Turning 88

I turn 88 today, relatively healthy, with my recollection of things past and present still sharp as when I was young.

I consider myself blessed by God for reaching this age. Except for aches and pains that come with old age, and the dozen or so maintenance pills my doctors prescribed for me, I can still write this column, comforting the afflicted and afflicting the comfortable.

There are distinct advantages. Nobody can dispute my senior citizen’s card and deny me its advantages. When I fall in line to pay for something, attendants show me to the fast lane. When I wait to consult my doctor, the young give me their seats. Thank heavens there’s still chivalry in this world.

It’s only when people call me “Lolo” that I protest. “I am not your Lolo,” I tell anyone who dares. It must be my white hair.

The only thing I regret about being old is that when I go to shopping malls with my wife, I see those young things in their short shorts. I say to myself, was I born too early or, that things have really changed.

My wife and I marked our 60th diamond anniversary last May 14, 2015. But, Santa Banana, when we started listing whom we could invite, our list was limited to less than 10 who were still alive and kicking. The rest have gone ahead of us, are wheel-chair bound, or suffering from dementia.

Thus, we canceled everything, even our long-planned trip to Japan. Why spend so much for a trip which is a waste of money that we could just save for hospital expenses (something my wife and I expect to come suddenly at our age; she is now 82)?

I have been a journalist for 65 of my 88 years. I have had the privilege of walking the corridors of power, being close to many presidents, heroes, nation builders and advocates.

The only thing I regret all these years, having gone full circle in print and broadcast media, is that things have not changed. The more people talk about change, the more things remain the same.

The only change I have seen in government are faces. Corruption? It seems endemic here.

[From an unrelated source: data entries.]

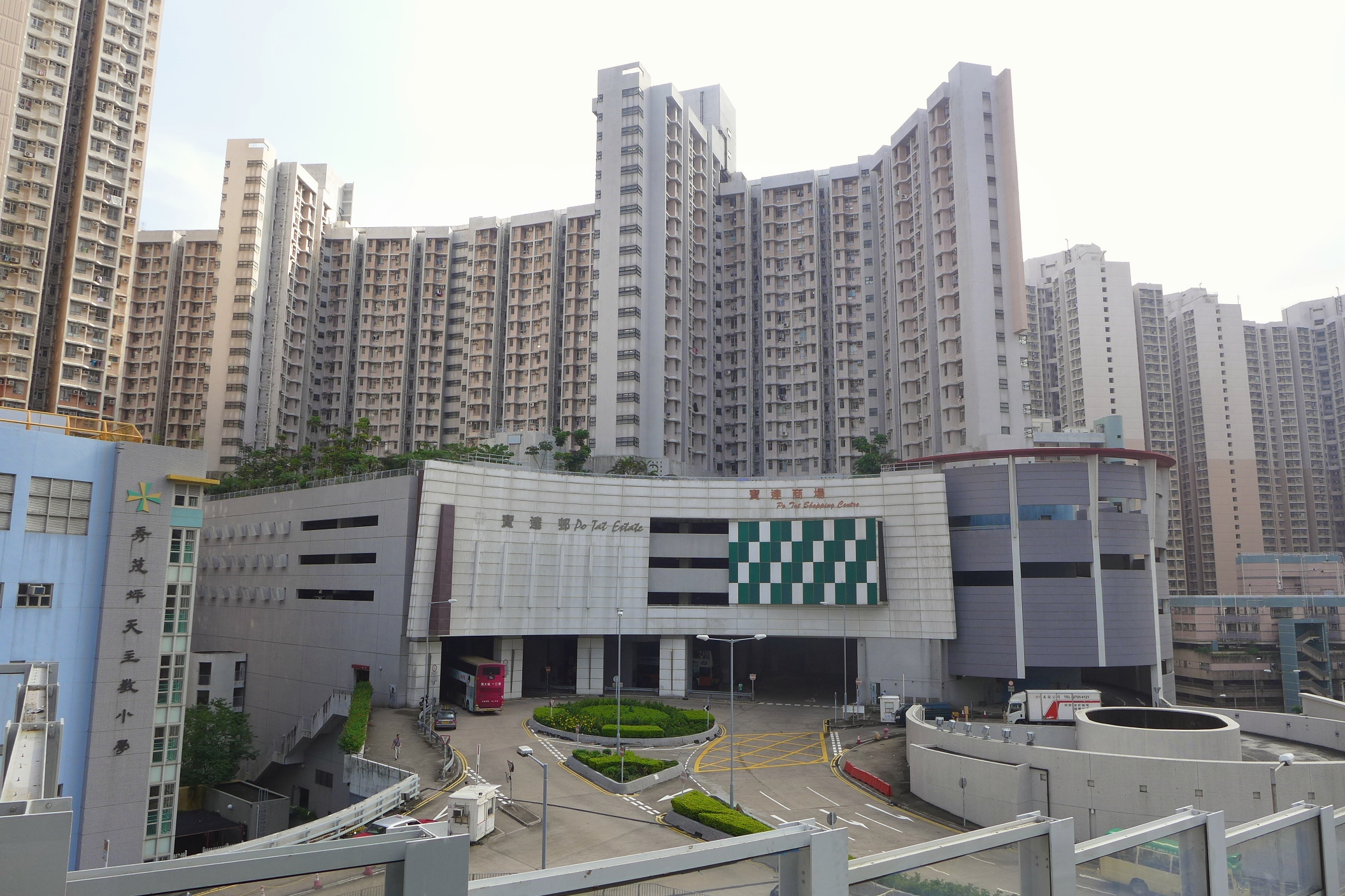 Po Tat Estate Tat Cheung House
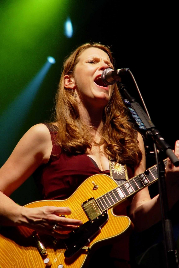 Blues performer Susan Tedeschi in the Netherlands, 2006
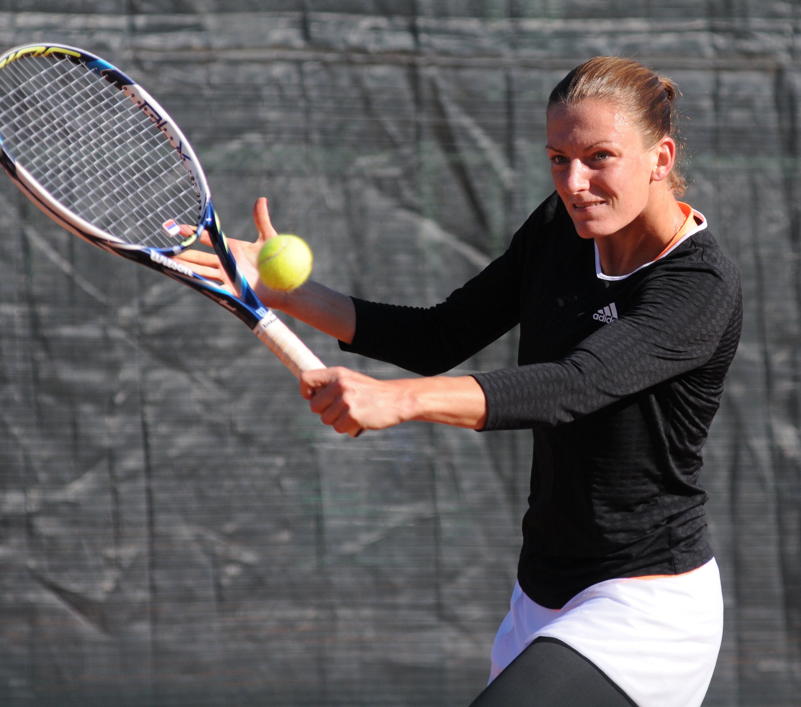 Xenia Knoll at the 2014 Moscow Cup
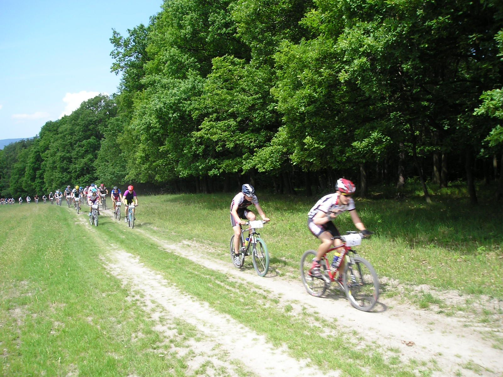 CYKLOMARATÓN-ska MTB séria - Maratón Slovaktual - Pravenec
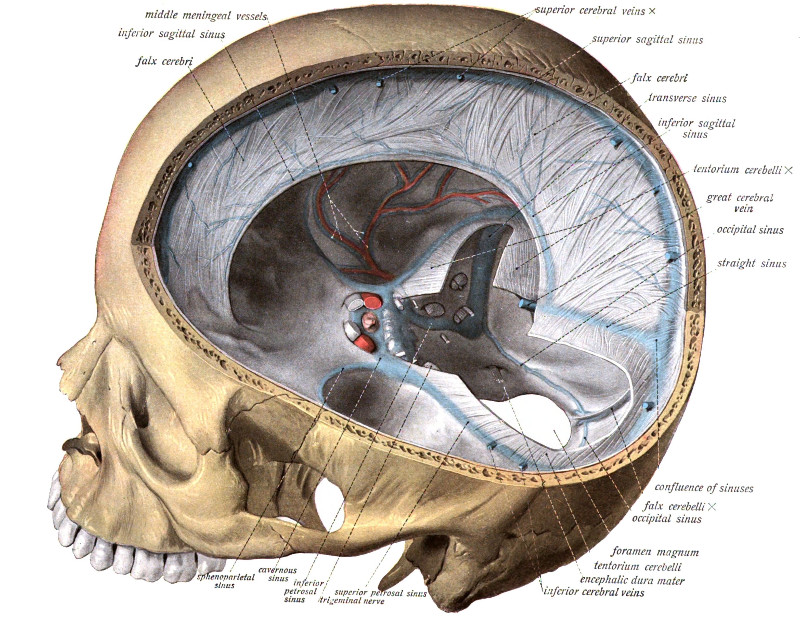 An anatomical illustration from Sobotta's Human Anatomy 1908

My gulay, even as early as the Elpidio Quirino administration, allegations of corruption persisted onto the Ramon Magsaysay regime with scandals about dollar import quota allocations.

During the Carlos P. Garcia administration, things became worse, with reparations scandals making headlines in newspapers. This continued until the time of Diosdado “the poor boy from Lubao” Macapagal.

The Martial Law regime of the late strongman Ferdinand Marcos made everything far worse, with cronyism and abuse of power. While admittedly, the early Martial Law regime of Marcos did some good for the country, and Imelda brought forth the renaissance of Philippine culture and the arts, the latter years of Marcos erased all that.

We had high expectations with the breakaway group of then- Defense Minister Juan Ponce Enrile, President Fidel V. Ramos, then chief of the PC/Integrated National Police, and then- Col. Greg Honasan of the RAM (Reform the Armed Forces Movement). During the time of the late President Corazon Aquino, there were also allegations of abuse by the “Kamaganak Inc.” headed by some of the President’s relatives.

The worst part of it all was the closure of the Bataaan Nuclear Power Plant, supposed to furnish power to Luzon, which resulted in the “Dark Ages.” We experienced power outages lasting almost 12 hours. Some relief came when President Ramos came to power, but the problem was that power and electricity costs hit the ceiling. There were also allegations of corruption because of the construction of the Centennial City at Clark.

During the three years of the Joseph Estrada regime came allegations of corruption that gave birth to charges of plunder against Erap for which he was detained for seven years and then convicted of plunder. He was pardoned, however, by his successor President Gloria Macapagal Arroyo, and restored his civil and political rights, that gave him the opportunity to run for president in 2010.

He lost, but was vindicated when he won as mayor of the City of Manila in 2013.

The last five years of the administration of President Benigno S. Aquino III did not give us the change we expected. In fact, things became worse with the misuse and abuse of the people’s money through the much-hated pork barrel system and that mongrel called the DAP or Disbursement Acceleration Program.

The well-known vindictiveness of the Aquino regime has made his straight-path mantra a joke.

It was the Mamasapano slaughter of 44 police commandos that exemplified the character of BS Aquino III. He showed incompetence and insensitivity.

How can we forget the Yolanda disaster? Some survivors are still living in tents.

In the early 50s, when the country was being reconstructed with American aid, we were next only to Japan’s economy. But, soon after that the country started its decline.

Santa Banana, in my 65 year as a journalist, I have witnessed the steady collapse of the nation’s industries, like textile and garments. Now, every piece of clothing we wear comes from China.

The Marikina shoe industry is gone, too. So are our furniture sector. Coconut and copra have steadily declined. Steel? Rice? Now we are importers!

Despite these, I remain an optimist. My advice to journalists: There is no substitute for hard work, patience, and prayers.